Now I am trying to set up my system with OpenMM and provide that to YANK directly. I am following the directions here http://getyank.org/0.15.0/yamlpages/systems.html#yaml-systems-user-defined However I am a bit confused as to what phase_1 and phase_2 are. If I am understanding the instructions correctly, phase_1 is the solvated complex of the ligand and the receptor. However what is phase_2? Is it the dissociated complex in solution (i.e. receptor and ligand are no longer bound)? Or is it just the solvent?

Thanks, Tatiana

jchodera commented 7 years ago

because tleap never finished setting up the system. I ran the simulation for 10 hours with 8 processes on Comet, which should have been plenty of time to set up the system.

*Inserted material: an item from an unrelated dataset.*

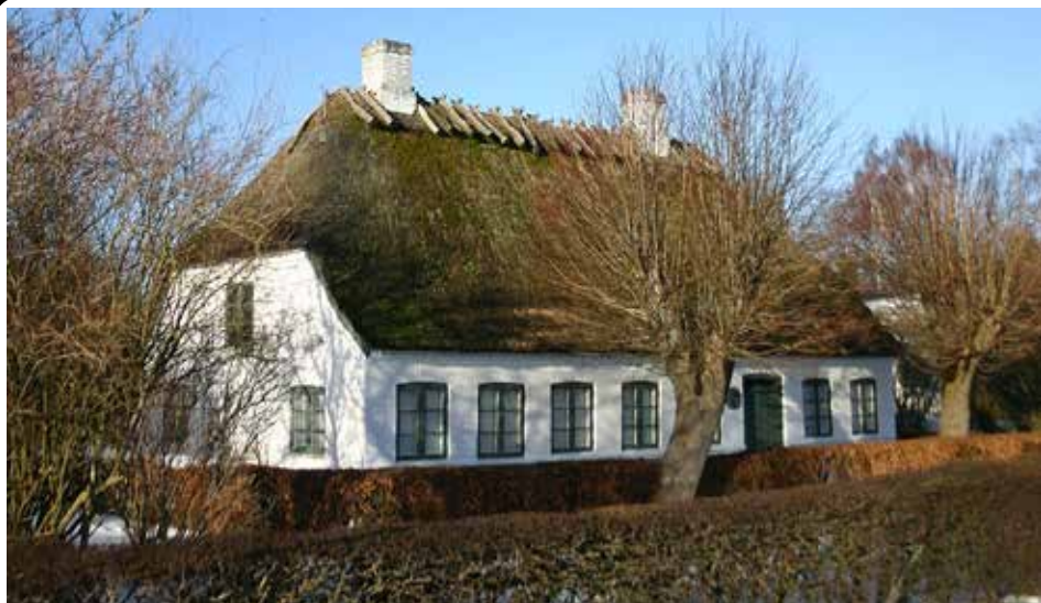
La casa de la infancia de Nielsen, en Sortelung, al sur de la ciudad de Odense.

Can you post a tarball of your input files so we can try to locally replicate your issue?

Now I am trying to set up my system with OpenMM and provide that to YANK directly. I am following the directions here http://getyank.org/0.15.0/yamlpages/systems.html#yaml-systems-user-defined However I am a bit confused as to what phase_1 and phase_2 are. If I am understanding the instructions correctly, phase_1 is the solvated complex of the ligand and the receptor. However what is phase_2? Is it the dissociated complex in solution (i.e. receptor and ligand are no longer bound)? Or is it just the solvent?

If you wish to compute the absolute binding free energy of a ligand by alchemically eliminating the ligand, phase_1 is the complex while phase_2 is the ligand in solution, and the same ligand must be selected as the alchemically-modified region in both phases.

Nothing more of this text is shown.